» **Problem to work on**: Starting from the line that holds "Figure 1: Graham and Ethne's Herefords.", output exactly each line through the end of the listing. Do not copy pictures.

» **Data shown**:

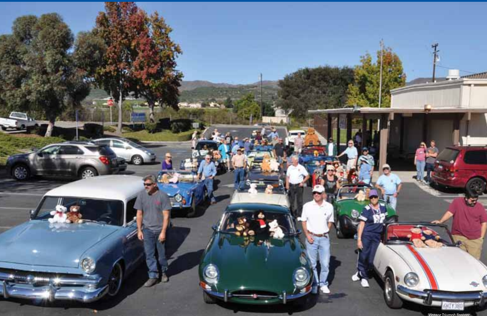
The Teddy Bear Run
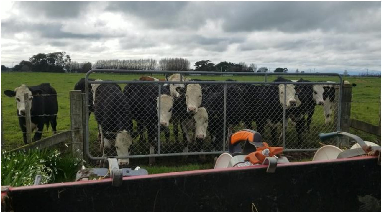
Figure 1: Graham and Ethne's Herefords.

I was immediately charmed by the group of yearling Herefords we encountered on Kathy's parents' farm. Bounding towards us as we approached their paddock, their excitement only increased when they heard the clicking sound that indicated an automatic fence opener was activated. They were kicking up their heels, surrounding our little vintage four-wheeler bike (affectionately known as 'the mule') as we drove into the paddock to scatter additional hay amongst them. I'd heard from Kathy that such behaviour is typical of youthful cattle like these, as well as dry stock who haven't been in the milking system for several weeks.
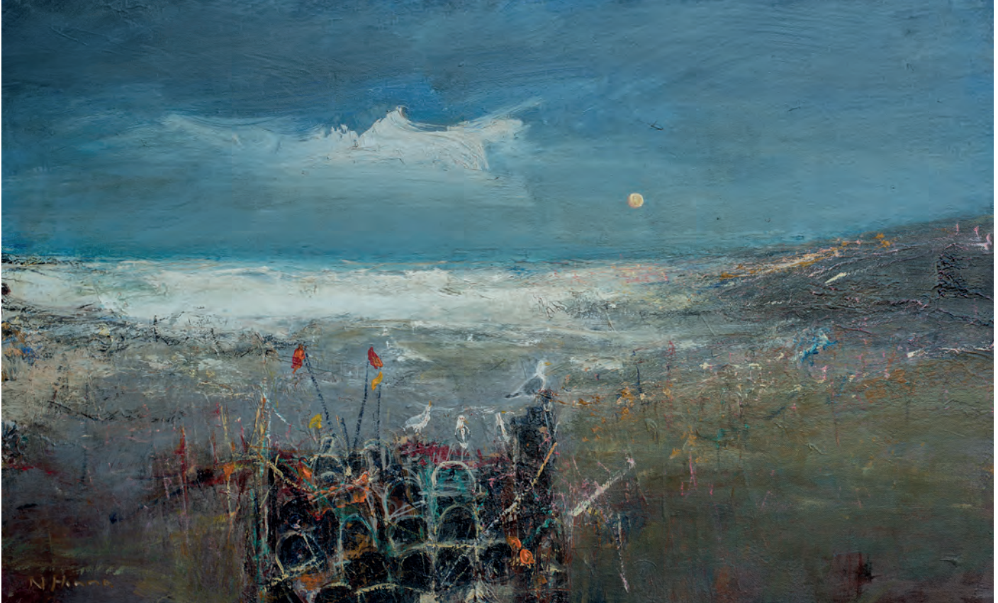
Lobster Creels Oil on panel 34 x 38 inches

» **Answer box**:
Figure 1: Graham and Ethne's Herefords.

I was immediately charmed by the group of yearling Herefords we encountered on Kathy's parents' farm. Bounding towards us as we approached their paddock, their excitement only increased when they heard the clicking sound that indicated an automatic fence opener was activated. They were kicking up their heels, surrounding our little vintage four-wheeler bike (affectionately known as 'the mule') as we drove into the paddock to scatter additional hay amongst them. I'd heard from Kathy that such behaviour is typical of youthful cattle like these, as well as dry stock who haven't been in the milking system for several weeks.
Lobster Creels Oil on panel 34 x 38 inches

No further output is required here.